Primeiro ferva o leite e o óleo. Depois escalde o fubá de arroz e mexa bem. Em seguida acrescente o açúcar e os outros ingredientes, menos o fermento, e misture bem e bastante para esfriar a massa. Vá colocando o leite até dar o ponto, que é quase líquido, sempre mexendo bem e depois acrescente o fermento. Continue mexendo e deixe descansar por alguns minutos. Depois é só colocar nas forminhas untadas e assar. Um detalhe: esta massa pode ficar na geladeira por até três meses. Quando for usá-la é só acrescentar mais leite para voltar a consistência mais mole da massa e um pouco de fermento.


O sabor do licor


Foto: Maria Luiza Graner


Fazer o próprio licor é algo que para muitos parece complicado. Mas a jornalista e licoreira Laurenice Noleto faz com maestria e mostrou ser mais simples que muitos imaginavam. Esta foi a segunda oficina promovida pela Associação As Coralinas e também despertou a curiosidades de quem passou pelo Mercado Municipal.

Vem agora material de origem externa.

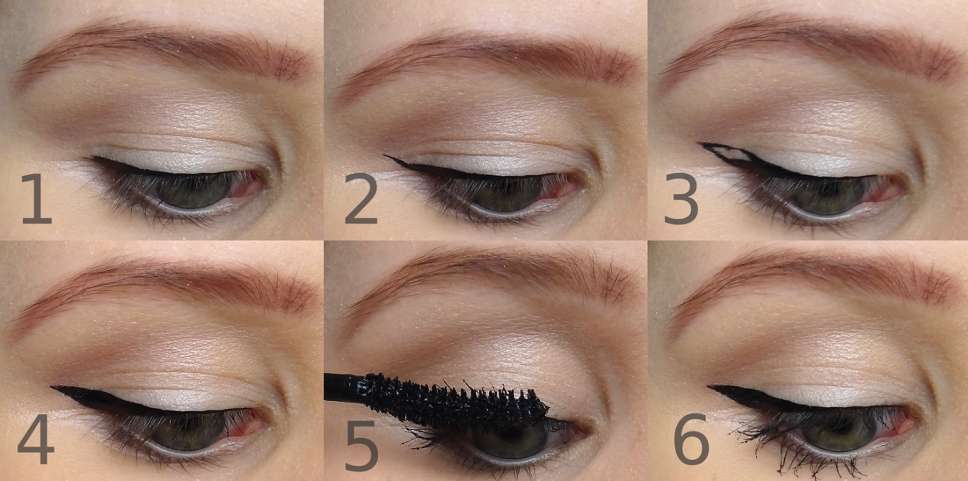 - рисуйте стрелку не от внутреннего угла, а с середины глаза, чтобы визуально скрыть опущение внешнего его края.

Ela ensinou a fazer o licor de pequi, fruto tradicional e de sabor forte muito encontrado em Goiás. E um detalhe também chama a atenção. Laurenice, também conhecida como Nonô, é uma mulher guerreira e empreendedora. Começou a fazer licores quando se aposentou da profissão de jornalista. “Não queria ficar parada”, contou. E ela foi em busca de informações para colocar os licores no mercado.


As cores da natureza


Foto: Maria Luiza Graner


Tintas naturais foram utilizadas para mostrar, durante a oficina de artes plásticas, como é possível pintar com cores fabricadas pela própria natureza. A oficina Mistureza foi uma promoção da Faculdade de Artes Visuais da UEG. Os participantes tiveram à disposição tintas feitas com jenipapo, couve, boldo, beterraba, pau brasil, urucum, açafrão.


De acordo com Jéssica Camargo Cardoso, aluna do curso de artes visuais da UEG, a ideia da oficina foi promover um resgate e reaproveitamento do que tem na natureza. “Uma forma alternativa de fazer pinturas, muito semelhante como nossos antepassados”, explicou.